»»

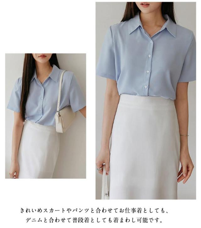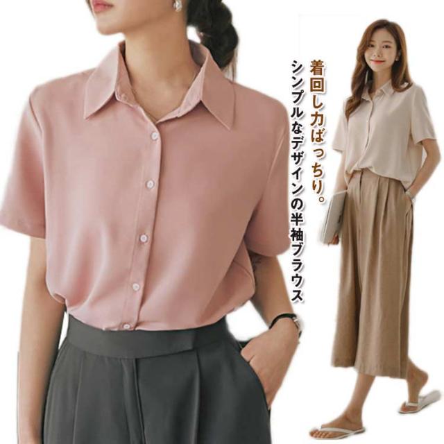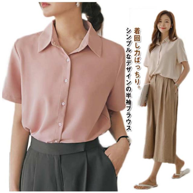 ブラウス レディース レギュラーカラー 半袖 ワイシャツ ブラウス 事務服 おしゃれ レギュラー 半袖 開襟 襟付き yシャツ 大人 トップス シャツ フォーマル フェミニン オフィスカジュアル 前開き 入学式 卒業式
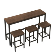 Modern Design Long Dining Table Set With 3 Stools - Dark Brown
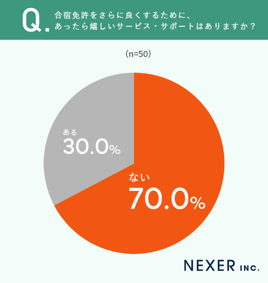 最後に、合宿免許をさらに良くするために、あったら嬉しいサービス・サポートはあるか聞いてみました。
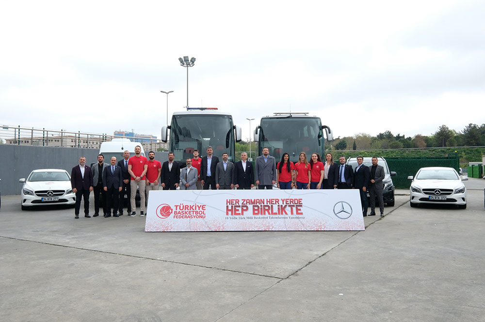 Mercedes-Benz Türk’ün de desteği ile Türkiye’yi başarıyla temsil eden milli basketbol takımlarının güvenli ve konforlu bir şekilde seyahat etmeleri için, Türkiye Basketbol Federasyonu’nun kullanımına 2 adet Travego milli takım otobüsü, 2 adet S-Serisi, 2 adet E-Serisi, 13 adet C-Serisi, 13 adet B-Serisi, 3 adet Vito ve 1 adet Sprinter olmak üzere toplamda 36 araç tahsis ediliyor.

««

* _What to do_: Exactly as they appear, print the lines of the listing above from its first line through the line that contains "最後に、合宿免許をさらに良く", minus the pictures.

* _Solution for this exercise_:
 ブラウス レディース レギュラーカラー 半袖 ワイシャツ ブラウス 事務服 おしゃれ レギュラー 半袖 開襟 襟付き yシャツ 大人 トップス シャツ フォーマル フェミニン オフィスカジュアル 前開き 入学式 卒業式
 Modern Design Long Dining Table Set With 3 Stools - Dark Brown
 最後に、合宿免許をさらに良くするために、あったら嬉しいサービス・サポートはあるか聞いてみました。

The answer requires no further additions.